What does America stand for? I'll tell you. One hundred and eighty years ago we were not a rich nation. We were not a strong nation militarily. But America caught the imagination of the world because we had faith - faith in ideals that were bigger than America, and they're as big today as they were then.
And, my friends, you must keep these ideals strong in the hearts of our young people, because in the schools, in the churches, in the homes of America we must develop a burning patriotism - the faith in our ideals, in our God - which will enable the next President of the United States to stand for what is right against what is wrong all over the world. And that's what we will do, with your help.

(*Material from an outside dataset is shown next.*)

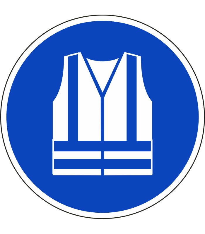 Die Schilder 'Warnweste benutzen' gem. ISO-7010 werden aus hochwertigem weißem Kunststoff hergestellt und sind in unterschiedlichen Größen erhältlich.

There comes a time in a nation's history when you sense that it has reached a great turning point. I believe that today. The question is: Do we turn away from the policies that have kept the peace? Do we turn away from the policies that have brought us the greatest progress? Do we go to inexperienced leadership? Do we go to policies that we left 7½ years ago that didn't work then and are not better now? Or do we go forward into the future, building on these policies, for greater progress in every field than America, has ever experienced? Do we go forward into the future in which America and her President will stand proudly before the world and say to Mr. Khrushchev : "You say that our grandchildren will live under communism; we say that your grandchildren will live in freedom"?
That is what I want to fight for - and that is what I ask of you today.